All of lore.kernel.org
 help / color / mirror / Atom feed
From: Ryan Roberts <ryan.roberts@arm.com>
To: "Matthew Wilcox (Oracle)" <willy@infradead.org>,
	Andrew Morton <akpm@linux-foundation.org>
Cc: linux-mm@kvack.org, Aishwarya TCV <Aishwarya.TCV@arm.com>,
	Mark Brown <broonie@kernel.org>, Ard Biesheuvel <ardb@kernel.org>
Subject: Re: [PATCH 4/8] mm: Add __dump_folio()
Date: Fri, 1 Mar 2024 10:21:10 +0000	[thread overview]
Message-ID: <6de0d026-cd8d-4152-97ca-d33d2a4e2e84@arm.com> (raw)
In-Reply-To: <20240227192337.757313-5-willy@infradead.org>

Hi Matthew,

On 27/02/2024 19:23, Matthew Wilcox (Oracle) wrote:
> Turn __dump_page() into a wrapper around __dump_folio().  Snapshot the
> page & folio into a stack variable so we don't hit BUG_ON() if an
> allocation is freed under us and what was a folio pointer becomes a
> pointer to a tail page.

I'm seeing a couple of panics caused by this patch. I already raised the first one at [1], and it looks like there is a bug in Ard's patch (which he now has a proposed fix for) which provokes the bug in this.

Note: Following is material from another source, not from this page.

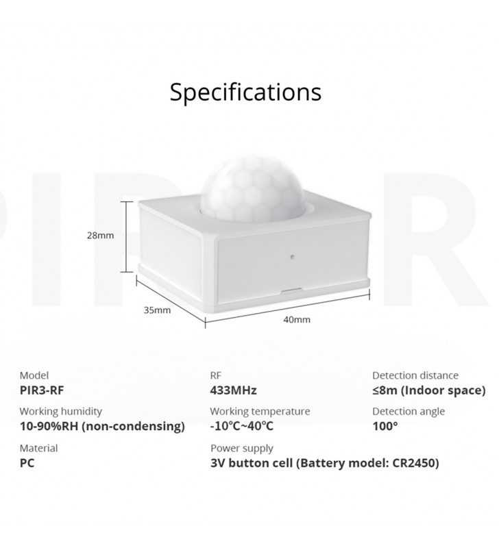 SONOFF PIR3-RF – Smart 433MHZ RF PIR Motion Sensor 6m/110° Detection

[1] https://lore.kernel.org/linux-arm-kernel/fc691e8d-1a50-4be6-a3b2-d60d6f2e2487@arm.com/

The other way to trigger it is to run the mm kselftest:

  gup_test -ct -F 0x1 0 19 0x1000

This calls into the kernel and deliberately calls dump_page() via dump_pages_test() in gup_test.c.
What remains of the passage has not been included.